The dynamic characteristics of bolted connections are complex non-linear [23]. Majumdar [24] combined the hysteresis equation of the Bouc–Wen model with the dynamic equation in order to obtain hysteresis models with different energy dissipation and stiffness changes. Because of the initial displacement drift of the Bouc–Wen model, the hysteresis loop can not be closed. To solve this problem, Charalampakis [25] added reinforcement factors to the original model to distinguish the initial loading process and the reloading process. Mohammad [26] proposed a Modified Firefly Algorithm to find the Bouc–Wen hysteresis model parameters. Pereira Miguel [27] used the Bouc–Wen model to describe the hysteresis effect in bolted joints, and used a harmonic balance method to identify the model’s parameters. Shetty [28] used a semi-physical Bouc–Wen model, which relates the input displacement to the output restoring force in a hysteretic way to capture the power-law damping behavior observed in joints. Peng [29] constructed a feedforward neural network for hysteretic nonlinear systems based on the Bouce–Wen model, and demonstrated that the restoring force–displacement curve hysteresis loop closely represents real curves. Menq [30] established a new physical model of plane to plane, and deduced the tangential force changes of the elastic bar under elastic deformation and plastic sliding during initial loading to distinguish the gross slip and microslip.

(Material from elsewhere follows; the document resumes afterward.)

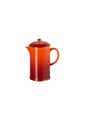 Le Creuset Coffee Press features a colourful stoneware exterior with a stainless steel plunger and a mesh press inside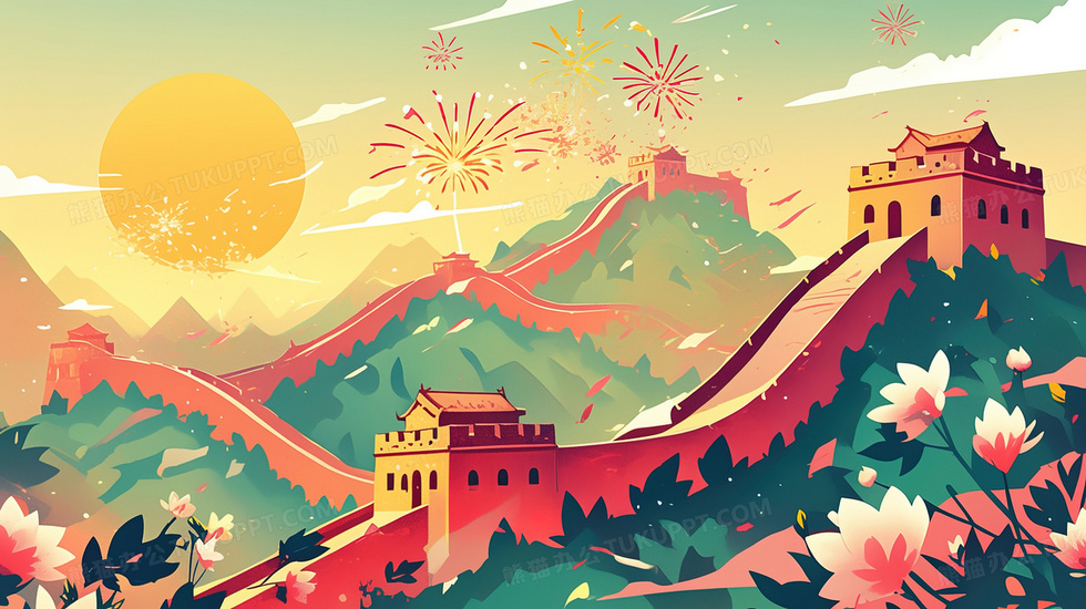 本作品内容为万里长城放烟花庆祝国庆插画, 格式为 jpg, 大小3 MB, 图片尺寸为2912 x 1632, 源文件无水印, 欢迎使用熊猫办公。 如认为平台内容涉嫌侵权,可通过邮件:tousu@tukuppt.com提出书面通知,我们将及时处理。

However, existing energy dissipation methods involving the bolted connection are not applicable to the premium connection, because the planes of the bolted connection are two contact surfaces in horizontal directions. Yet, compared with the bolted connection, the sealing structures and constraints of the premium connection are more complex, including sealing surfaces with taper and constraints of the threads and shoulders. In addition, the contact pressure of the premium connection is much greater than the bolted connection. The present study proposes a new energy dissipation analysis method for the sealing performance of premium connections using a microslip shear layer mode, a novel technique to overcome and improve the limitations of the existing analysis method of premium connections. In this paper, involving the taper, the thread, and the torque shoulder of premium connection, a vibration equilibrium equation of the premium connection is established based on a microslip shear layer model. From the equilibrium equations, governing equilibrium equations of the stick and microslip are derived, and the critical microslip tangential force and force–displacement hysteresis curves under different friction coefficients and shear layer stiffness are obtained. Finally, a standardized regression coefficient is used to discuss the influence of different interface parameters on the energy dissipation of the premium connection. The research can provide a theoretical guide for the micro sealing failure mechanism of premium connections under dynamic loads and can expand the analysis method of metal seals.

2. Materials and Methods

2.1. Establishment of the Shear Layer Model

Because of the complex structure of the premium connection, it is difficult to directly measure the microslip process on the sealing surface using experiments. Therefore, the contact behavior on the sealing surface of the premium connection is simplified as a shear layer model, as shown in Figure 4. The model takes into account normal pressures, tangential forces, surface friction coefficients, and the constraints of the torque shoulders and the thread. The physical model of the shear layer consists of an elastic bar, a rigid body, and a shear layer without thickness between the elastic bar and rigid body. Through the tangential force to the right end of the elastic bar, the displacement change of each point in the shear layer model is analyzed. F_a is a thread and shoulder torque binding force, kN, for which the direction is always opposite to the tangential force F. P(x) is the normal pressure generated by the interference fit of the sealing surface when the premium connection is make-up, MPa. The total length of the shear layer is L, mm, the stick length is l_n, mm, and the microslip length is L − l_n, mm.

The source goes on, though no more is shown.